= Districts of Ethiopia =

Administrative divisions of Ethiopia

Subdivisions of Ethiopia. The darkest lines indicate Regions, the lighter lines Zones, and the white lines Districts.

Districts of Ethiopia, also called woredas (ወረዳ; woreda), are the third level of the administrative divisions of Ethiopia – after zones and the regional states.

These districts are further subdivided into a number of wards called kebele neighbourhood associations, which are the smallest unit of local government in Ethiopia.

==Overview==
Districts are typically collected together into zones, which form a region; districts which are not part of a zone are designated Special Districts and function as autonomous entities. Districts are governed by a council whose members are directly elected to represent each kebele in the district. There are about 670 rural districts and about 100 urban districts.

Terminology varies, with some people considering the urban units to be woreda, while others consider only the rural units to be woreda, referring to the others as urban or city administrations.

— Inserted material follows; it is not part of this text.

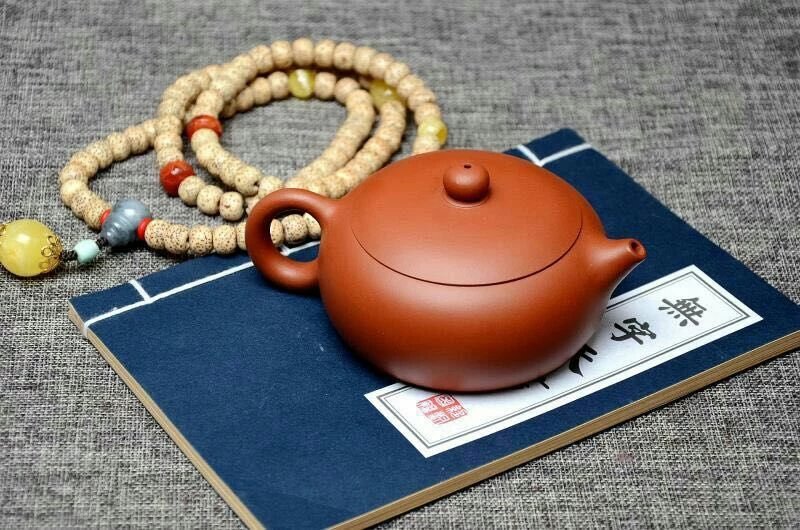 紫砂二厂老料小红泥精制。 “小红泥”是不加他料的嫩泥,含大量氧化铁,经过窑烧会变成朱红色,泥质细、砂粒微、密度大、结晶高。窑温约为1080℃,收缩比约在20%~28%之间。 红而不艳,红得柔美,是红泥色泽特点。

Although some districts can be traced back to earliest times—for example, the Yem special woreda, the Gera and Gomma woreda which preserve the boundaries of kingdoms that were absorbed into Ethiopia, and the Mam Midrina Lalo Midir woreda of a historic province of Ethiopia (in this case, two of the districts of Menz)— many are of more recent creation. Beginning in 2002, more authority was passed to woreda by transferring staff and budgets from the regional governments.

=== Structure ===
In Ethiopia, the woredas comprise three main organs: a council, an executive and a judicial. The Woreda Council is the highest government organ of the district, which is made up of directly elected representatives from each kebele in the woredas. The representative of the people in each kebele is accountable to their electorate. The woreda chief administration is the district's executive organ that encompasses the district administrator, deputy administrator, and the head of the main sectoral executive offices found in the district, which are ultimately accountable to the district administrator and district council. The quasi-judicial tasks belong to the Security and Justice administration. In addition to woredas, city administrations are considered at the same level as the woredas. A city administration has a mayor whom members of the city council elected. As different regional constitutions govern woredas, the names of the bodies may differ.

===Special woredas===
"Special woredas" are a subgroup of woredas (districts) that are organized around the traditional homelands of an ethnic minority, and are outside the usual hierarchy of zones in their respective Region. These special woredas have many similarities to autonomous areas in other countries.